Watermarking is a technique which is used to deter data piracy and tamper-proof the data during it’s transmission from one machine to another. There are realms of watermarking namely image watermarking, video watermarking and audio watermarking
The watermarking of the relational databases is a rare and currently developing sector. But as the need of the database applications is increasing, it’s exerting more pressure on the data providers to create services that allow the users to access and search their data remotely. Now this is a threat for the data providers which in turn leads to the increasing demand of the database watermarking to detect the pirated copy and protect it from being tampered with . One thing which shouldn’t be assumed is that database watermarking techniques are similar to the watermarking techniques of multimedia objects. Watermarking of the database requires techniques which differ from those of the conventional ones used for multimedia watermarking purposes.
Multimedia objects cannot be dropped or replaced arbitrarily but in databases the tuple insertion, deletion and update are the main norms in database setting. Because of this, different techniques developed for multimedia data cannot be directly used for watermarking of the relational databases. Text properties and semantics can be exploited.

II. BACKGROUND

Literature Survey:

Watermark: Watermark describes information that can be used to prove the ownership of data such as the owner, origin of recipient of the content. Watermarking is the piece of data securely embedded and this is said to be imperceptible.
Ownership rights on outsourced relational databases is a very crucial issue in today’s internet environment and in many content distribution applications, because the rapid growth of the internet and related technologies offer an unprecedented ability to access and redistribute digital content. In earlier existing systems the relational data would be watermarked and directly sent to the client system. In these systems, while sending relational data from server to client, an attacker can easily copy the data and create a copy of the relational data. Here, there is no security to the watermarked relational data. In our proposed system, before sending the watermarked relational data to client side, we encrypt the relational data and then send it to the client side. At client side decryption will be done to get the original watermarked data. Because of using this encryption technique even if an attacker does copy the data, he/she cannot
read the watermarked relational data.In this system, even if an attacker copies the watermarked relational data, it is not in human readable format.We are using MD5 algorithm for encrypting and decrypting the watermarked data. MD5 stands for Message Digest-5. MD5 is a cipher that encrypts and decrypts a data block of 128 bits. It uses 10, 12 or 14 rounds. The key size can be 128, 192, or 256 bits, depending on the number of rounds. So for secure watermarking of relational database we are using MD5 algorithm along with triple DES.
image

III. WATERMARKING PROPERTIES

Blind System-Watermark detection does not require the knowledge of the original data, only that of the secret key. Incremental Updatability- If update of the database is required , re-computing watermark for every update is not required.
Imperceptibility- Presence of watermark is unnoticeable.
Robustness- Watermarking cannot be easily destroyed by modifying the watermarked data.
Detectability- Can be detected only with the knowledge of the secret key.
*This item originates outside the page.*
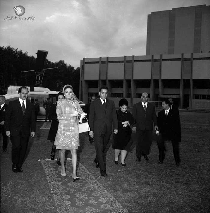 علینقی عالیخانی، فرح پهلوی و سید حسین نصر در دانشگاه تهران.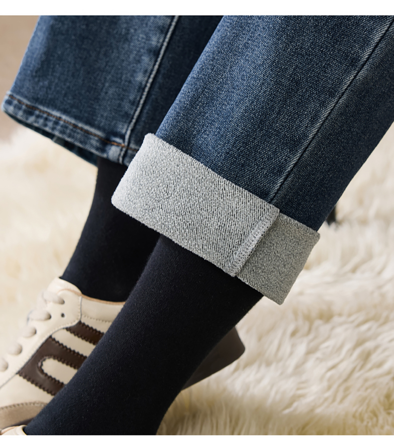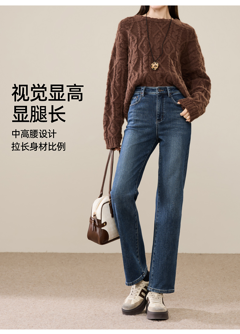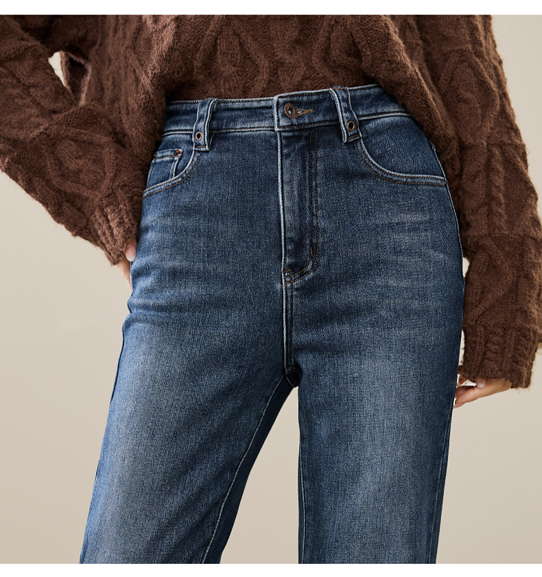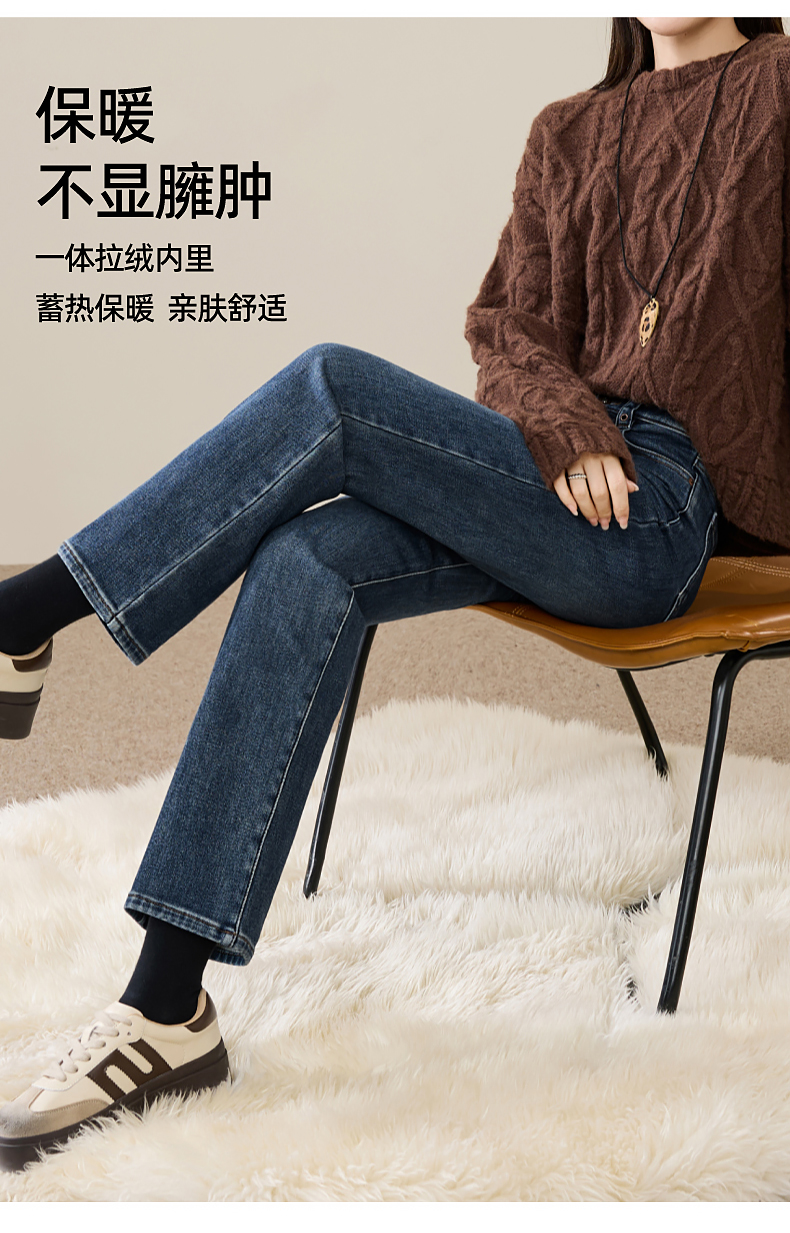 【加绒-修容直筒裤】逸阳冬保暖拉绒修饰腿型、小个子牛仔裤0322R

IV. WATERMARKING CHALLENGES

There are various ways in which our watermarked data can be attacked .
They are:
Bit Attacks: The simplest malicious attack attempts to destroy the watermark by altering the bits . The effectiveness of such attacks is sensitive to the number of bits altered. Example:- Suppose a hacker wants to hack a policyholder account he will alter every bit in the database , he has not only destroyed the watermark but also made the original data completely useless but if the location of the changed bits is known then the attack will prove to be very effective.
Rounding Attack: The hacker may try to loose the marks contained in the numeric attribute by rounding all the values of the attribute. For this attack to be fruitful the hacker needs to accurately guess the number of bit positions involved in the watermark. If the guess is less than required then he will not succeed, if he over guesses it he will degrade the quality of his data. Even if his guess is correct his data will be inferior to policyholder’s data because his data values are comparatively less precise.
Transformations: An attack related to the rounding attack but in this the numeric values are linearly transformed. Example:-Hacker can convert the data to different unit of measurement(e.g.,kilometers to meters).The admin simply needs to convert the values back to the original system .
Subset Attack: Hacker may tak a subset of the tuples or attributes of a watermarked relation and hope that the watermark is lost.
Mix-and-match Attack: Hacker may ccreate his relatin by taking disjoint tuples from multiple relations containing similar set of information.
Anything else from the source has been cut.